Getting a Grip After Losing My Grip

Monday, September 27, 2010

I found my way yesterday. And I have a sippy cup to thank for it.

For about a day and a half I had been in a funky mood. There was something pinching my nerves. I couldn’t figure out what was buzzing around inside and causing me to swat wildly at random, insignificant things like messy drawers, wet bathroom floors and … sippy cups. Whatever was annoying me hadn’t exposed itself enough for to me to clearly see it.

Then Sunday morning happened.

My husband was taking our son to the park. I was getting things ready for his little diaper bag: milk, snacks, water.

“What can I do to help you,” my husband asked. He’s good that way. Plus, he saw me making like I had seven hands that could do seven different things at once.

“Please put the towels in the dryer,” I said, quickly. “And then fix up the green sippy.” The same green sippy cup that was mouth-deep in sudsy water. I washed the cup and set it on the counter for my husband to fill.

Maybe he didn’t see the wet cup on the counter or maybe he thought I meant another sippy—one that wasn’t soaped up and about to be washed. Either way, our wires got crossed and the cup sat there empty.

Next thing we knew, we were bickering—though quietly since we don’t like to alarm the kiddie with loud, angry talk—about a cup. A sippy cup. Can things get more ridiculous?

They went to the park while I sat in my office brooding. What is happening with you, woman? What’s got you so angry?

I decided to put aside my work and go for a run. Before I left, though, I wrote out an apology to my husband. At the very least, he deserved that.

Then I did something that was, in retrospect, pretty wise. I pulled out our wedding vows.

Our book of love.

My husband’s Aunt Carol married us four years ago. A lovely, lovely woman she is, Carol typed up everything that was said during our ceremony: her stirring sermon, our affirmations, the community responses, and the vows that we wrote.
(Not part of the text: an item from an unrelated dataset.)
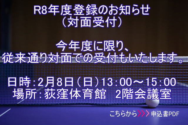 ●杉並区卓球連盟登録は、「大会検索/申込」からです。
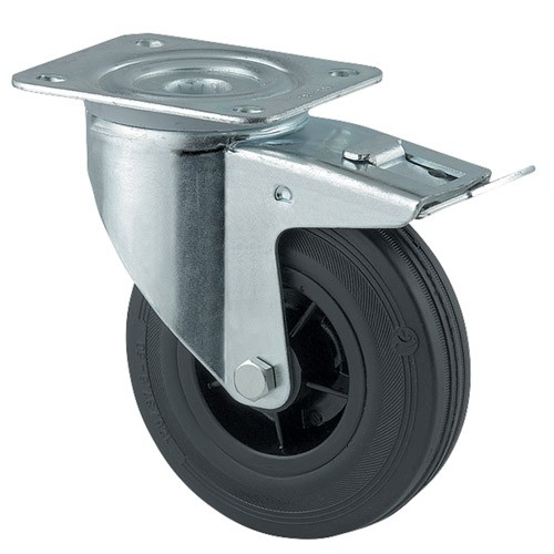 Räder: Radkörper aus Kunststoff mit Rollenlager, Lauffläche aus Standard-Vollgummibereifung, schwarz , ca. 80° - 85° Shore A-Gehäuse: Standard Stahlblechgehäuse, verzinkt, Gabelkopf mit zweifacher Kugellagerung, Abdichtung mit integriertem Kugelabstandshalter

She put it all together (along with a miniature painting of hers) in a slim, white binder. We so treasure this sweet, special book.

I went back to my vows because, as I did when I  first wrote them, I really believe in those words. I made a promise to this man, and I intend to keep it. No matter what.

Midway through my run, things started to come together. The reason I was feeling agitated was because I thought my opinion wasn’t being weighed in our family decision to move (or not) to Connecticut next year. I was wrong. That is very clear. However,  how I got to that misaligned idea wasn’t completely baseless.

It came down to this: We all want to feel valued. We want to believe that what we have to add to the conversation is thought important. I knew this. I’ve known this for a good while.

What I didn’t realize is that, this time around, I was the one who was minimizing my input. I was the one subtracting my opinion and devaluing my worth. And until that stopped, I was going to continue feeling that irksome pinch and getting all huffy about featherweight things like sippy cups.

As I neared the end of the run and all of this starting to click into place, I wanted race home so I could talk to my husband about it.

We did. We’re back in good step. And I’m feeling settled.

Who knew one green sippy could work such magic.

  • 1
    40 going on 28 says:

    Fantastic post. I think a lot of people (probably mainly the women, but some men too) who go through moving for reasons not entirely their own, deal with these feelings. It’s been almost a year and I’m just getting over leaving Brooklyn for Montclair. Thank for typing this up and hitting publish.

    • 1.1
      Ms. Mack says:

      I really appreciate this comment, 40 going on 28. Thanks.
      (And hearing that you made the move from BK to Montclair is also good to know. It’s a tough switch. Even though I was ready for some “quiet,” I definitely miss much about Brooklyn. I don’t know if that goes away completely. I call it the Brooklyn Hangover.)

  • 2
    vette says:

    Well glad that you sorted things out, I guess there’s always a deeper meaning to the reasons we feel the way we do. It’s great that you were able to figure it out.

  • 3
    Nailah says:

    Great post! A lot of the time we project our own feelings into the actions of others. Re-looking at our vows and taking some time to cool off and sort things out were a great way to get everything back into focus. Kudos on not letting things fester!

    • 3.1
      Ms. Mack says:

      Oh, yes. Projecting is easy. Digging in and rooting around to figure out what’s really the matter, that’s where the work comes in. Thanks for the comment!

  • 4

    So funny….I am resentful about moving AWAY from Montclair (when I didn’t want to leave) to Atlanta. But, you are dealing with it in a healthy way and fought through your feelings. Stay positive.

  • 5

    whoo baby. those things just stir around in there don’t they. great that he went away and you ran it off. time, space and quiet i think are the most important things you can have in those moments.

    i’m glad you have those vows at the ready. what a wonderful reminder!